I genuinely don't get this.

You don't trust the OS not to spy on you, so you covered the camera? Fine. But if you don't trust the OS, how do you stop it from, say, uploading everything you type to Google? OK, perhaps you have a highly restrictive firewall, or only use it offline (reading ebooks?)

But in that case, what's the point of the black tape over the camera? It now has no way of contacting the mothership; all you've done is restrict your ability to take pictures.

Surely the better idea would be to compile an AOSP build for the N7 (or maybe just get CyanogenMod if you're less paranoid?) and you basically have a tablet which you completely control without buying a Jolla (with an equivalent app ecosystem and less bugs)?

Note that there are definitely reasons to get a Jolla phone; for example the fact that AOSP on the N7 is unsupported by google -- just saying I don't fully understand the tape on the camera when you don't trust the OS.

(maybe it was just a figure of speech; in which case, ignore me -- it didn't come across that way in your comment)

1 comments

It's basic OpSec. You disable the services you don't need. You always build security in layers.

Some devices, e.g. a Dell All-in-one PC, come with a little latch that you can pull in front of the forward-facing camera. It's often not just the mothership that is the target of these measures. It could even be family who misguidedly install spyware.

>It could even be family who misguidedly install spyware. That's an application installed by the user; But this won't protect you against the core OS (the Dell's with a camera shutter is not meant to protect you against Microsoft).

Your original comment seemed to indicate it's was Google's privacy policies you were protecting yourself against. And Google supplies the OS -- most of which is open source.

Comparing the open-ness of the SW, both of them are equally open or closed. The Sailfish UI is closed source (but you get something close using Mer) -- As for android, just GApps is closed (which, I would argue, is better than the Sailfish situation)

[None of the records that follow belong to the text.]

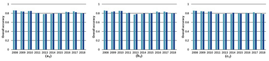 Performance of models with traditional yearly training (S1). The panels, (a1–a5), (b1–b5), and (c1–c5) depict the accuracy indicators (i.e., overall accuracy, precision, recall, F1 score, and kappa coefficient) for U-Net, U-Net 3+, and TransU-Net, respectively.
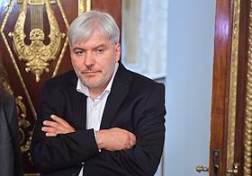 Премьерный показ фантастического драматического фильма "Авиатор" по одноименному роману Евгения Водолазкина в Александринском театре. Писатель Евгений Водолазкин перед показом.
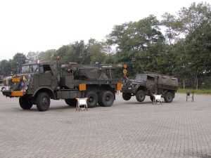 DAF YB-616 takelwagen met DAF YA-126 Lijnwerkersvoertuig in de takels.
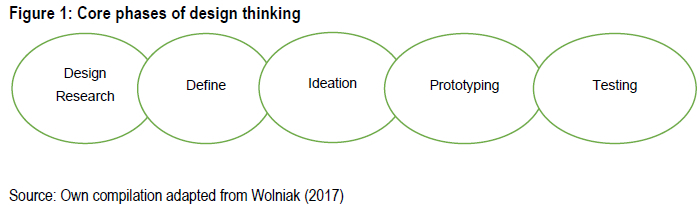 Design thinking reflects on why the end-user is experiencing a problem, what can be done to address this, and how this solution can be realised (Thomas & McDonagh, 2013). This is enacted through empathetically engaging with end users during the design research, defining the problem, generating ideas, prototyping and testing the solution, as depicted in Figure 1. Design research is one of the main techniques used for end-user research in order to identify obstacles the end-users experience in their environment (Wolniak, 2017). The define phase has a core focus on synthesising and interpreting information that is turned into insights (Liebenberg, 2020). The purpose of the ideation phase is to generate as many creative ideas as possible by reflecting on insights from the problem space (Wolniak, 2017). A prototype is a physical representation of the solution and serves as a visual for fast feedback on its effectiveness (Wolniak, 2017) and for transforming it (Beckman, 2020). Testing involves reconstructing meanings derived from previous situations in order to inform improvements for future design activities (Stompff et al., 2016).
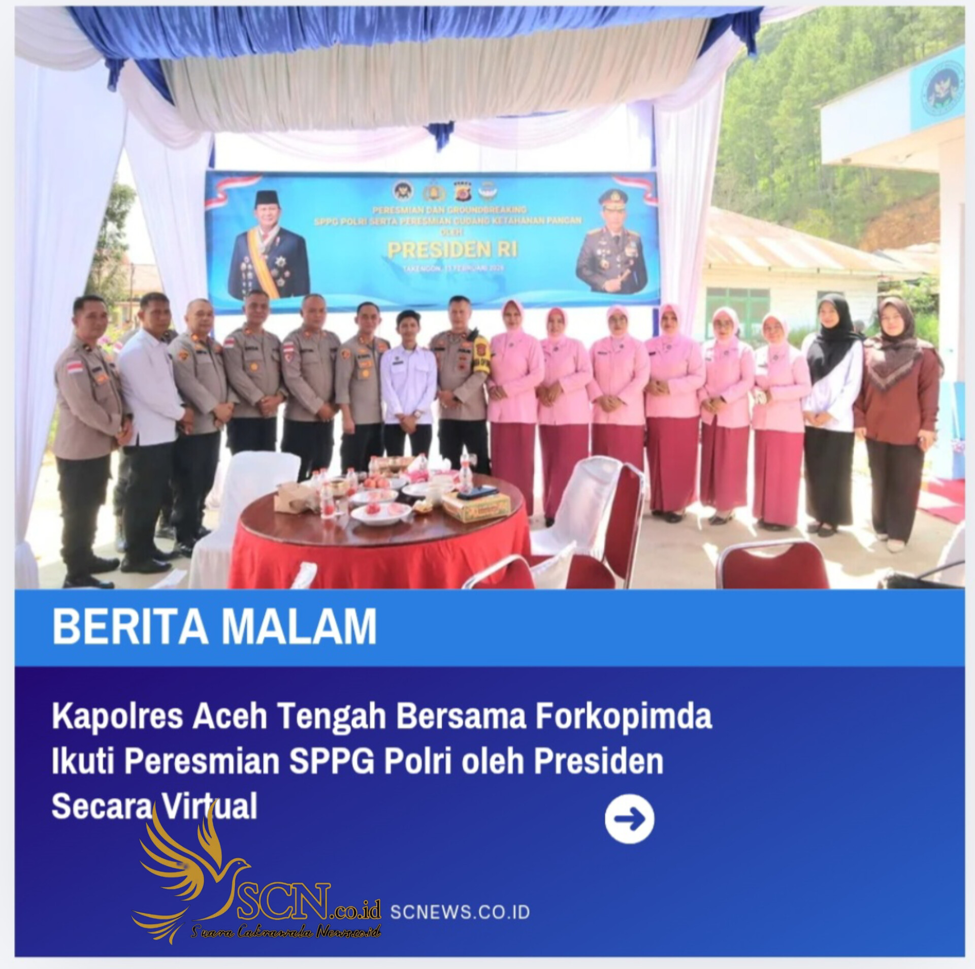 Aceh Tengah,SCNews.co.id — Presiden Republik Indonesia, Prabowo Subianto, meresmikan secara nasional 1.179 Satuan Pelayanan Pemenuhan Gizi (SPPG), 18 Gudang Ketahanan Pangan, serta 107 groundbreaking SPPG milik Polri di seluruh Indonesia. Peresmian dipusatkan di SPPG Palmerah, Jakarta Barat, Jumat (13/2/2026).
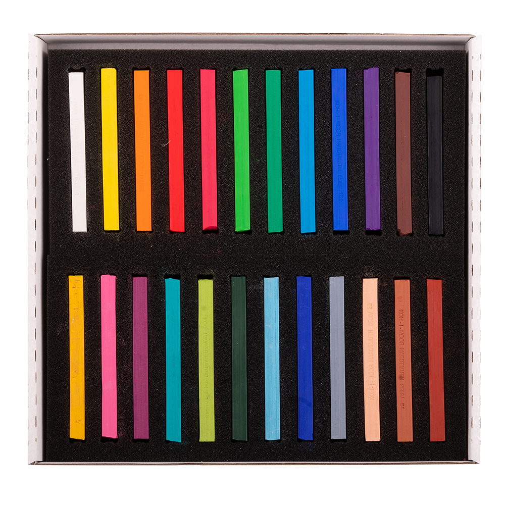 Souprava 24 ks prašných uměleckých pastelů s pevnější strukturou, čtvercového profilu 7 x 7 mm a délky 75 mm. Jsou používány pro tenčí a obrysové linie. Jako plnivo se používá mletá pemza.
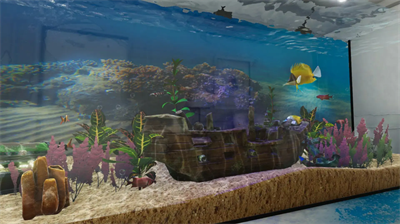 定制化水族箱支持模块化拼接,可自由搭配沉船遗迹或亚特兰蒂斯主题装饰
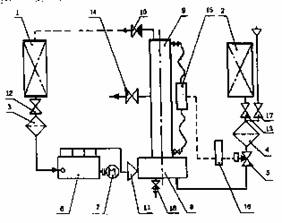 Установка содержит баки для топлива 1 (см. рис.) и воды 2, фильтры топлива 3 и воды 4, электромагнитный клапан 5, многосекционный насос высокого давления 6 с электроприводом 7, диспергатор в виде реактора 8 для приготовления водотопливной эмульсии. Внутренняя полость реактора 8 с одной стороны соединена с колонкой 9, а через проходной невозвратный клапан 10 соединена с линией перепуска эмульсии в топливный бак, с другой - сообщена с распылителями форсунок 11, установленных тангенциально к средней окружности внутренней камеры реактора 8 и соединенных трубопроводами высокого давления с многосекционным насосом высокого давления 6, полость низкого давления которого через проходной клапан 12 и фильтр топлива 3 соединена с баком 1. В нижнюю часть реактора 8 через жиклер (на рис. не показан), через проходной клапан 13, фильтр воды 4 и регулируемый электромагнитный клапан 5 подается вода из бака 2. Разборная колонка 9 через проходной клапан 14 соединена с системой питания двигателя, а с другой стороны сообщена с первичным преобразователем плотности 15, соединенным электрической связью с вторичным преобразователем плотности 16, управляющим электромагнитным клапаном 5. Возможно подключение установки к стационарной водопроводной сети через клапан 17. В нижней части реактора установлен спускной клапан 18. |
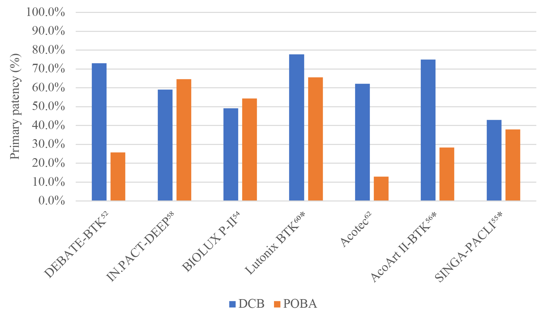 Fig. 1.Comparison of 12-month primary patency in DCB vs. POBA clinical trials. *, primary patency at 6 months.

So, if you are motivated to not use android due to paranoia; my recommendation is to run a AOSP build with F-Droid as an app store. There are many reasons to use a Jolla phone. Privacy alone is not a reason to switch ecosystems (as I said earlier: there are other, more compelling reasons).

And of course, you need the black tape covering your camera on both the Android and the Jolla (which was your original statement I disagreed with :)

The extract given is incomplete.